- Directions for this task: The listing, minus its pictures, is to be given again exactly.

- Data section:
%%

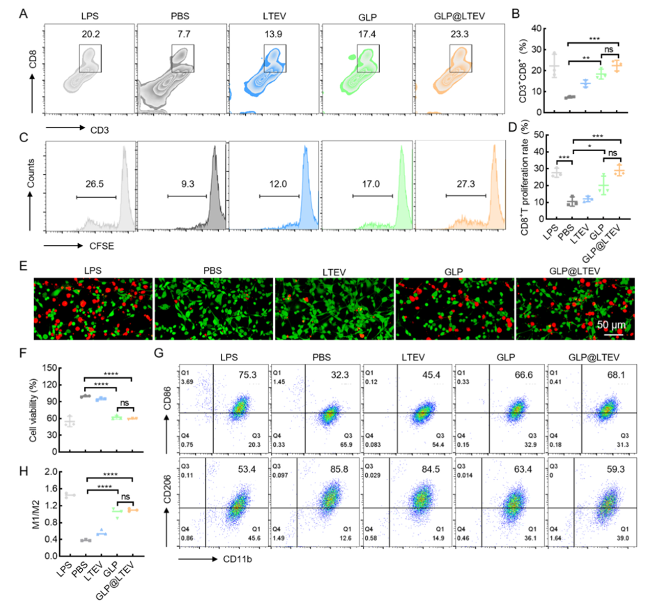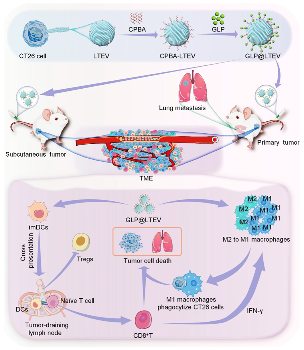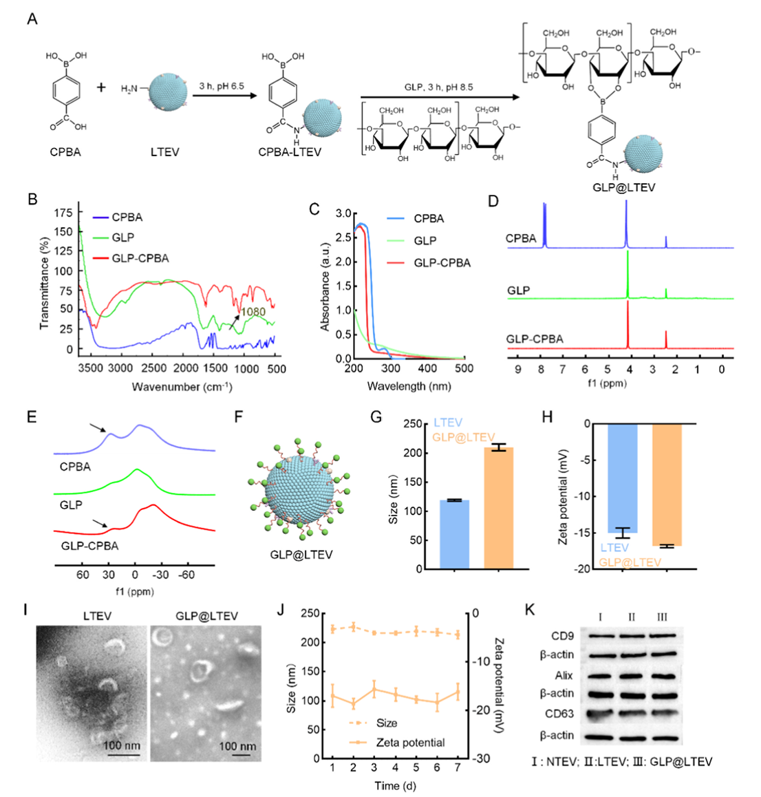 研究团队以4-羧基苯硼酸为“连接桥梁”,将灵芝多糖与经低pH培养基重编程的CT26结肠肿瘤细胞来源外囊泡进行共价结合,成功构建出灵芝多糖修饰的肿瘤细胞外囊泡纳米体系GLP@LTEV。一系列实验证实该体系制备成功,粒径与电位在体外能保持稳定,且能在肿瘤微环境的酸性条件下实现灵芝多糖的可控释放,同时完整保留了肿瘤细胞外囊泡的核心功能。
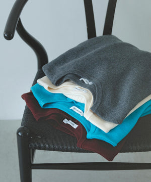 昨年人気だったシンプルなダブルジャガードニットが再登場!袖口と裾は太幅リブにして、シンプルながらも退屈しないデザインに。筒形のまっすぐな袖はクロップド丈と相性バツグンで、今の気分にぴったりなバランスです。今年はキャッチーなターコイズブルーカラーがとくにオススメ。ボトムスを選ばずスカートでもパンツでも着まわせる便利なアイテムです。
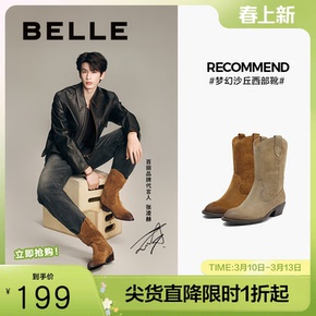 张凌赫同款百丽女靴梦幻沙丘西部牛仔休闲短靴加绒新款BDU60DZ5

%%

- Answer:
 研究团队以4-羧基苯硼酸为“连接桥梁”,将灵芝多糖与经低pH培养基重编程的CT26结肠肿瘤细胞来源外囊泡进行共价结合,成功构建出灵芝多糖修饰的肿瘤细胞外囊泡纳米体系GLP@LTEV。一系列实验证实该体系制备成功,粒径与电位在体外能保持稳定,且能在肿瘤微环境的酸性条件下实现灵芝多糖的可控释放,同时完整保留了肿瘤细胞外囊泡的核心功能。
 昨年人気だったシンプルなダブルジャガードニットが再登場!袖口と裾は太幅リブにして、シンプルながらも退屈しないデザインに。筒形のまっすぐな袖はクロップド丈と相性バツグンで、今の気分にぴったりなバランスです。今年はキャッチーなターコイズブルーカラーがとくにオススメ。ボトムスを選ばずスカートでもパンツでも着まわせる便利なアイテムです。
 张凌赫同款百丽女靴梦幻沙丘西部牛仔休闲短靴加绒新款BDU60DZ5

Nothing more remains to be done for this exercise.